Она крутанулась, словно танцуя, в сторону музыкального шкафа. Шик сплюнула жевательную резинку в пепельницу и показала пальцем на свою кольдкремовую подружку.
– На прошлой неделе у Манхэттен были мозги. Она променяла их на пергидролевые волосы.
Манхэттен вырубила Бенни Гудмена и отвернулась к овальному зеркалу, рассматривая свою измазанную мордашку.
– …А это Хэдли, – продолжала Шик.
Ее он до сих пор не замечал. Сидя по-турецки на пуфе у камина, где языки пламени подбирались к незадачливому полену, упомянутая Хэдли держала в обнимку круглую тыкву и выковыривала из нее мякоть острием огромного, очень похожего на саблю ножа. Не поднимая головы, она удостоила его движением руки – нечто среднее между взмахом крыла и прострелом плеча. Очевидно, это было приветствие, и молодой человек вежливо поздоровался.
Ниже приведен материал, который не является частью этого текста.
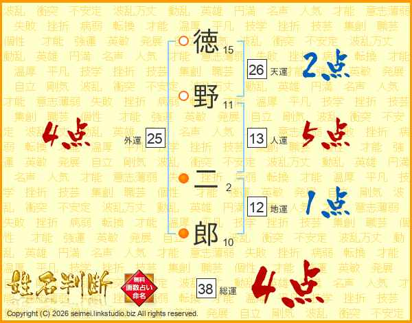 徳野二郎さんの総運は38画の4点!

Шик маршевым шагом пересекла гостиную и включила радиолу, тем самым позволив узнать, что Джуди из сериала не в чем пойти на Хэллоуин со своим женихом Делмером и у нее осталось девять минут, чтобы раздобыть карнавальный костюм.
– Добрый вечер, – отважился молодой человек. – Меня зо…
– Шик? Ты еще не одета? – осведомилась Манхэттен. – Я думала, тебя сегодня пригласил Ромео.
– No, signora. С Ромео у меня finito.
– Третий разрыв за четыре месяца, – пробормотала себе под нос Хэдли. – И почему же на этот раз? – спросила она вслух.
– Ха! – фыркнула Шик. – Если бы парни так радовали, как палантин из розовой норки…
– Расскажи-ка нам! Со всеми подробностями, пожалуйста.
Все обратились в слух.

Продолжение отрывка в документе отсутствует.